The Guardian newspaper was recently granted access to two of the largest prisons in the UK: HMP Wandsworth and HMP Oakwood.
The articles about each provide an interesting insight into the challenges of running establishments that are redemptive in the way that the Secretary of State intends the nation’s prisons to be.
- Article on HMP Wandsworth
- Article on HMP Oakwood
Michael Gove and George Osbourne have both referred to Winston Churchill’s prison reform agenda when he was Home Secretary.
In a speech last year Michael Gove revived Churchill’s argument that there should be
“a constant heart-searching by all charged with the duty of punishment, a desire and eagerness to rehabilitate in the world of industry all those who have paid their dues in the hard coinage of punishment, tireless efforts towards the discovery of curative and regenerating processes and an unfaltering faith that there is a treasure, if you can only find it, in the heart of every man.”

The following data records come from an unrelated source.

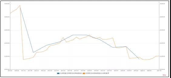 從行業集中度來看,2017年以來,中國化工企業數量較2016年的高點(超過25000個)逐年下降至2020年的21000個左右,2021年以來僅小幅回升。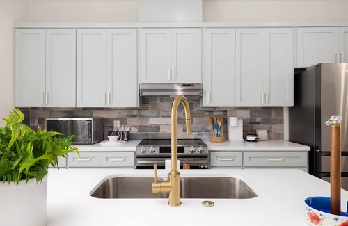 - Modern kitchen with quartz countertops and stainless steel appliances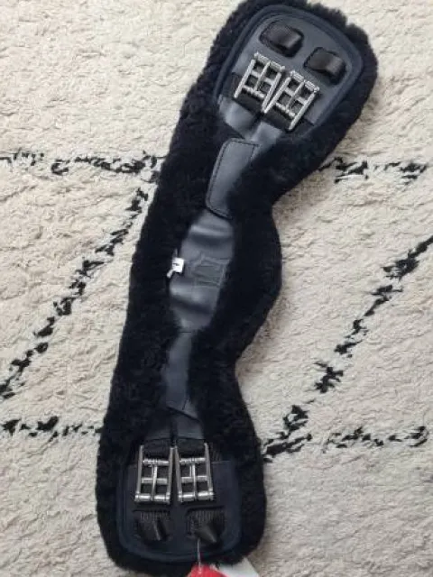 - Pour les chevaux plus „ronds“ à dos court, cage thoracique large et poitrail étroit. Grâce à sa forme particulière, la sangle suit bien le galbe des côtes, ce qui l’empêche de glisser vers l‘avant.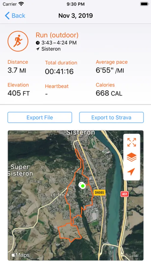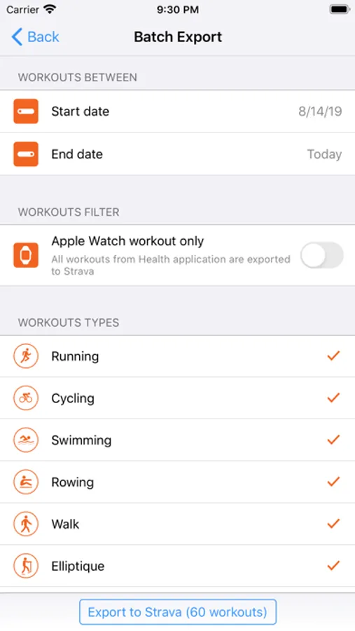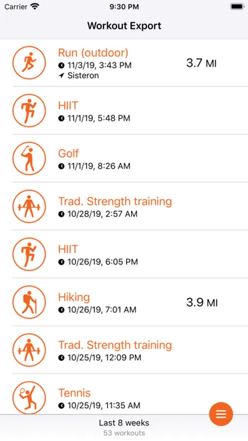 ● Export any workout visible in Health app, including the one created by a third party tracking application.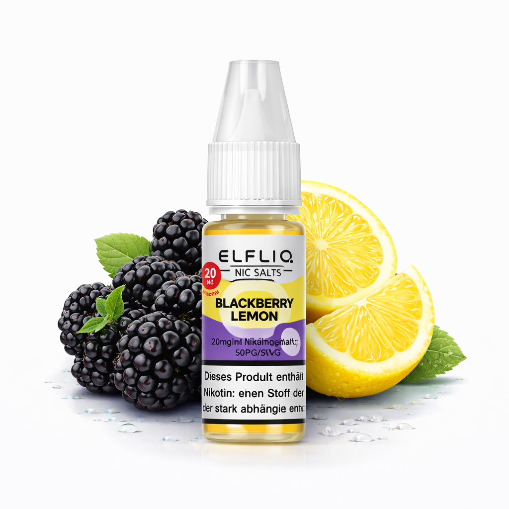 Erlebe mit ELFLIQ Blackberry Lemon die perfekte Kombination aus vollmundigem Brombeераroma und einer frischen, spritzigen Zitronennote. Das NicSalt Liquid bietet ein intensives Dampferlebnis und ist ideal für alle, die einen süß-fruchtigen Brombeergeschmack mit einem erfrischenden Zitronen-Kick bevorzugen.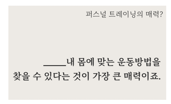 꾸준히 운동하셨던 분들도 자신의 몸에 관심이 많지만 깊이 알지 못하는 경우가 많거든요. '어디가 왜 아픈지', '이 동작은 왜 안 되는 건지' 원인에 대해 알지 못하기 때문에 꾸준히 운동하더라도 고쳐지지 않은 경우가 많아요. 퍼스널 트레이닝은 내 상태가 어떤지를 파악하며 움직임과 또 어떻게 개선해야 하는지에 대해 알 수 있어요. 할 수 없었던 움직임을 하게 되는 순간의 기쁨, 이것이 저는 퍼스널 트레이닝의 가장 큰 매력이라고 생각해요.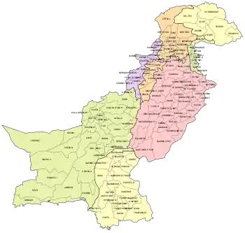 Pakistán es un estado federal, organizado en cinco provincias desde 2018 (Baluchistán, Jaiber Pastunjuá, Punyab, Sind y Gilgit-Baltistán), un territorio autónomo (Azad Cachemira) y un territorio federal (Islamabad). Cada provincia y territorio se subdivide en divisiones, que a su vez se subdividen en distritos, y estos en tehsils o taluka, que se fraccionan en consejos sindicales.[1]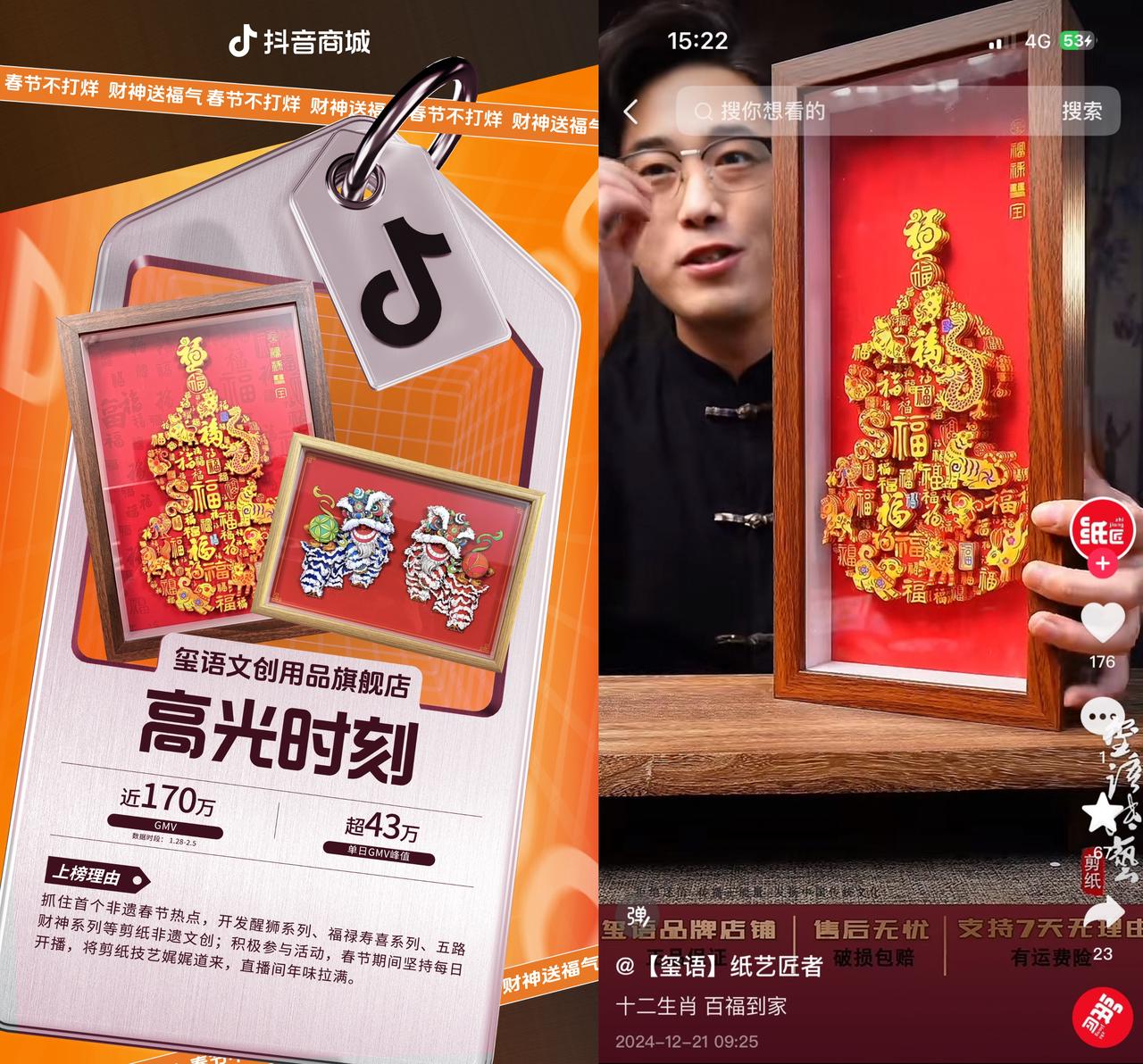 中國(guó)人把追尋“年味”刻進(jìn)DNA,體驗(yàn)非遺文化成為最具年味的存在。2025年春節(jié)是首個(gè)“非遺版”中國(guó)春節(jié),主打國(guó)潮文創(chuàng)、非遺文創(chuàng)的店鋪獲得廣大消費(fèi)者追捧。曾獲得省級(jí)文創(chuàng)大賽金獎(jiǎng)的非遺頭部商家璽語(yǔ)文創(chuàng)用品旗艦店,堅(jiān)持春節(jié)每天開(kāi)播,生動(dòng)有趣地介紹非遺剪紙技藝,堪稱“年味擔(dān)當(dāng)”。其針對(duì)春節(jié)開(kāi)發(fā)的醒獅系列、福祿壽喜系列、五路財(cái)神系列等多款高端剪紙藝術(shù)非遺文創(chuàng)深受用戶喜愛(ài),銷量一路猛增。1月28日-2月5日春節(jié)大促期間店鋪營(yíng)業(yè)額近170萬(wàn)元,單日峰值超43萬(wàn)元。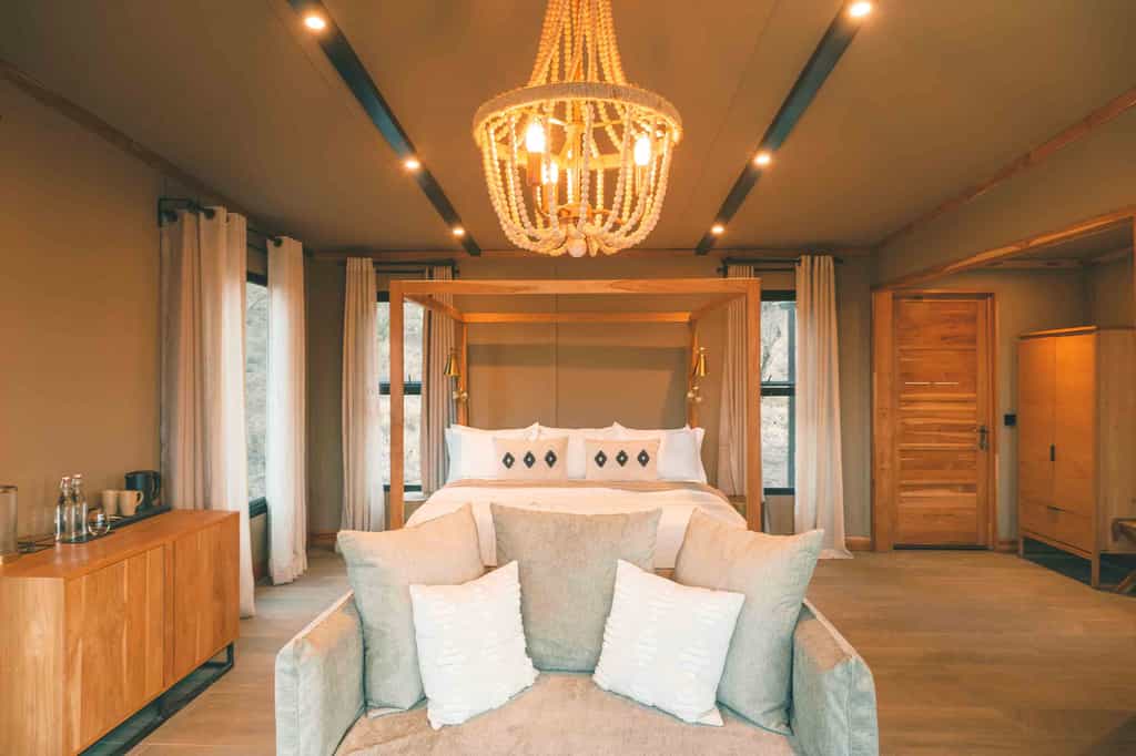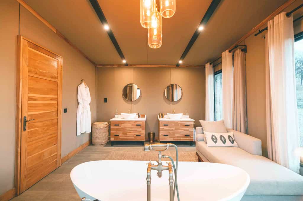 Each tented suite evokes a richness and has been cleverly styled to ensure guests enjoy a stunning panoramic view. The suites each have a bathtub, outdoor shower and a private verandah, where they are immersed in nature and have the unforgettable experience of being in the middle of this vast wilderness.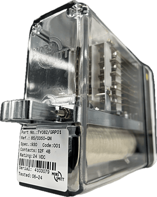 The TY082/GRP01 is a 12F 4B Neutral Line Relay for general railway trackside signalling applications where special characteristics such as AC immunity, slow release etc. are not required. Of compact modular plug-in design it has non-weld contacts and is equipped with a safety interlocking system (pin code) for insertion into mating plugboards.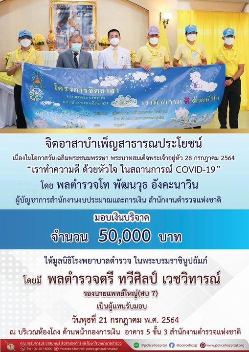 เมื่อวันพุธที่ 21 กรกฎาคม พ.ศ. 2564 พลตำรวจโท พัฒนวุธ อังคะนาวิน ผู้บัญชาการสำนักงานงบประมาณและการเงิน สำนักงานตำรวจแห่งชาติ มอบเงินบริจาค 50,000 บาท ให้มูลนิธิโรงพยาบาลตำรวจ ในพระบรมราชินูปถัมภ์ โดยมี พลตำรวจตรี ทวีศิลป์ เวชวิทารณ์ รองนายแพทย์ใหญ่(สบ 7) และคณะเป็นผู้แทนรับมอบ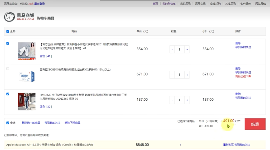 现在可以测试了,先在前端购物车中选中几个需要购买的商品,然后点击结算。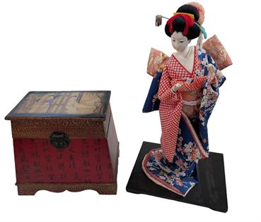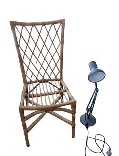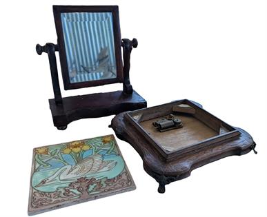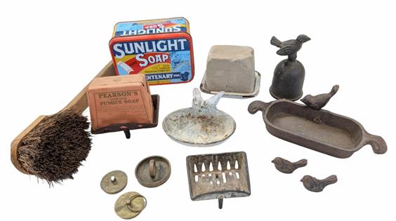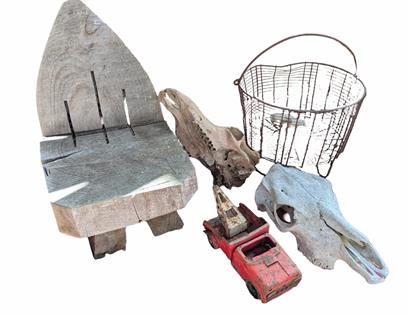 ASSORTED COLLECTABLES: SKULLS, METAL TOW TRUCK, WIRE BASKET, WOODEN CARVED CHAIR AND CAST FLOOR GRATE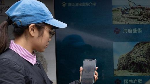 AR智慧導覽與Line數位嚮導系統,正式導入屏東阿塱壹古道,遊客透過手機可以即時接收部落歷史與文化深度導覽,用AI導覽串聯觀光打造部落創生經濟。圖 / 工研院提供
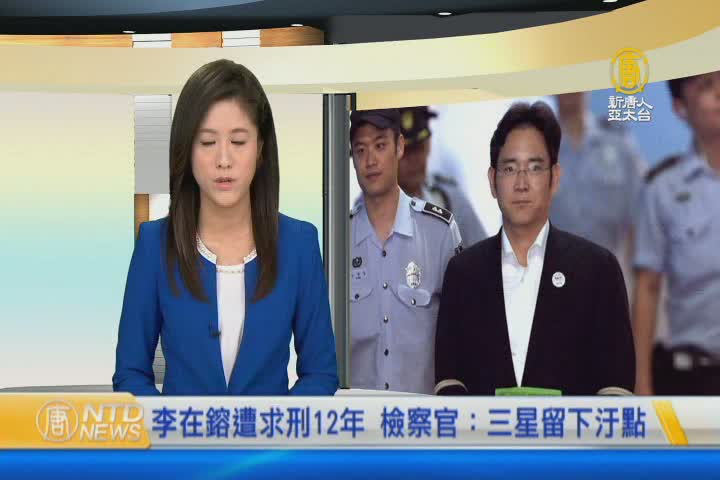 【新唐人亞太台 2017 年 12 月 28 日訊】針對南韓三星少主李在鎔行賄案,二審昨天開庭, 檢方要求將李在鎔的刑期由5年加重到12年。指出李在鎔非法贊助前總統閨蜜崔順實,卻辯稱是回饋社會,表示本案是為了繼承企業經營權,行賄總統及閨蜜的官商勾結案件,檢察官發表重話說,李在鎔的罪行,讓三星留下永遠無法洗刷的汙點。

Another interesting and oft-mentioned Churchill quote in connection to prison reform is:
We must not forget that when every material improvement has been effected in prisons, when the temperature has been rightly adjusted, when the proper food to maintain health and strength has been given, when the doctors, chaplains and prison visitors have come and gone, the convict stands deprived of everything that a free man calls life. We must not forget that all these improvements, which are sometimes salves to our consciences, do not change that position.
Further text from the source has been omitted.